■ PROMPT ■
From the material below, copy exactly the lines beginning with the one that contains "Coffee Table White" and ending with the one that contains "<< αὗται δ΄"; the pictures stay out.

■ DATA SUPPLIED ■
------------------------------------------------
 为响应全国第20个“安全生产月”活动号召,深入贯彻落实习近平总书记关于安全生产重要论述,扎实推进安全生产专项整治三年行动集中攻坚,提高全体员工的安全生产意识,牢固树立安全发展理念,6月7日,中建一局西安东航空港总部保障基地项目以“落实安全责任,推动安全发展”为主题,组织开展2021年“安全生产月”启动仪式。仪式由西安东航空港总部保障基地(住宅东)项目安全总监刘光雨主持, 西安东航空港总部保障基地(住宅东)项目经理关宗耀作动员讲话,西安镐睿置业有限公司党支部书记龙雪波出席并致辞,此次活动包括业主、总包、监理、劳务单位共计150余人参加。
------------------------------------------------
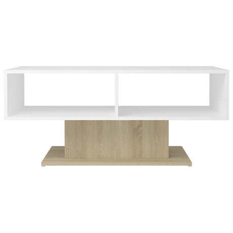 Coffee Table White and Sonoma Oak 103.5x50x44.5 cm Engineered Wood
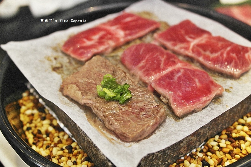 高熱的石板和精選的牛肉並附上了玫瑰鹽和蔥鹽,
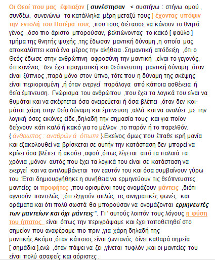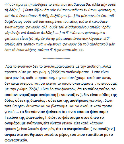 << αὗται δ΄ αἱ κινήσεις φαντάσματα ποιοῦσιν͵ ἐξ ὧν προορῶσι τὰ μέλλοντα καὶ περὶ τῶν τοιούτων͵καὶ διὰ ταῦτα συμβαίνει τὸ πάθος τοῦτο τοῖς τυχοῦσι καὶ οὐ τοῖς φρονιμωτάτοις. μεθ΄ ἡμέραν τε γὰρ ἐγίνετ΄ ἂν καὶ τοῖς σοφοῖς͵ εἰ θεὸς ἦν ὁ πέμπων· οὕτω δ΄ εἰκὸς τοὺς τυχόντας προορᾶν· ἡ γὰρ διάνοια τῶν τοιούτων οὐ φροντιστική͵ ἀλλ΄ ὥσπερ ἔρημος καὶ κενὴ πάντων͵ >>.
------------------------------------------------
■ EXERCISE RESPONSE ■
 Coffee Table White and Sonoma Oak 103.5x50x44.5 cm Engineered Wood
 高熱的石板和精選的牛肉並附上了玫瑰鹽和蔥鹽,
 << αὗται δ΄ αἱ κινήσεις φαντάσματα ποιοῦσιν͵ ἐξ ὧν προορῶσι τὰ μέλλοντα καὶ περὶ τῶν τοιούτων͵καὶ διὰ ταῦτα συμβαίνει τὸ πάθος τοῦτο τοῖς τυχοῦσι καὶ οὐ τοῖς φρονιμωτάτοις. μεθ΄ ἡμέραν τε γὰρ ἐγίνετ΄ ἂν καὶ τοῖς σοφοῖς͵ εἰ θεὸς ἦν ὁ πέμπων· οὕτω δ΄ εἰκὸς τοὺς τυχόντας προορᾶν· ἡ γὰρ διάνοια τῶν τοιούτων οὐ φροντιστική͵ ἀλλ΄ ὥσπερ ἔρημος καὶ κενὴ πάντων͵ >>.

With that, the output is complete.